■ Prompt ■
When you have gone through the records, report how many lines include "Gold", giving the number and nothing more.

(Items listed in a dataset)
______________________________
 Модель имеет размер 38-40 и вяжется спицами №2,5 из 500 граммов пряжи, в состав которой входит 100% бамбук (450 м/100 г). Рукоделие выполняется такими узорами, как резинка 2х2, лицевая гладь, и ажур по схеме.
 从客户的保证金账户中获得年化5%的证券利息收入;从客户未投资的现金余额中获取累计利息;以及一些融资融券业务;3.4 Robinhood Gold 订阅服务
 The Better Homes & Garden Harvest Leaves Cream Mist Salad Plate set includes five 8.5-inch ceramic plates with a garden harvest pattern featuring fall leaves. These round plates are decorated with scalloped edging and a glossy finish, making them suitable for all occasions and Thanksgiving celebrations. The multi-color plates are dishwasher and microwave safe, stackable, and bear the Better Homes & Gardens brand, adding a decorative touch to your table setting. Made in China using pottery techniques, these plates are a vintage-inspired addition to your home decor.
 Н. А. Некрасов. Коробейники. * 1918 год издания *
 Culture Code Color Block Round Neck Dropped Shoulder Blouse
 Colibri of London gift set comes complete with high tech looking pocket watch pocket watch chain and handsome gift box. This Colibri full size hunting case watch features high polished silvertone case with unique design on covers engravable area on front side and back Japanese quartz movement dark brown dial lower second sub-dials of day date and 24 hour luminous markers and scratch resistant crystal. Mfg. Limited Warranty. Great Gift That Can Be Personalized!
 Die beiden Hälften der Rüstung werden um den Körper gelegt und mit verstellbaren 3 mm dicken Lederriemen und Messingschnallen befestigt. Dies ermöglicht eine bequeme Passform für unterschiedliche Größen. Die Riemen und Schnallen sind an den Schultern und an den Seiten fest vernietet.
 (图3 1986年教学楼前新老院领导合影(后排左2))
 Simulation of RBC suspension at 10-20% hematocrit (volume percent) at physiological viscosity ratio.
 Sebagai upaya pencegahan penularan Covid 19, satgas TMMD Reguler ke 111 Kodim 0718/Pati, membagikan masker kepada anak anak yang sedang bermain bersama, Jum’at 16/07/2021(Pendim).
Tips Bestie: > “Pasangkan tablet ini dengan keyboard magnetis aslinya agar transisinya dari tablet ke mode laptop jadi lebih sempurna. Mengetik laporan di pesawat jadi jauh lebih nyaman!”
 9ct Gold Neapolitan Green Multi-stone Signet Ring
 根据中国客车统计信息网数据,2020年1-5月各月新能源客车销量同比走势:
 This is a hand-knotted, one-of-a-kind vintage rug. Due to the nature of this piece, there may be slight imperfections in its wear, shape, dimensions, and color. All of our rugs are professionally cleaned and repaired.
______________________________
■ Exercise result ■
2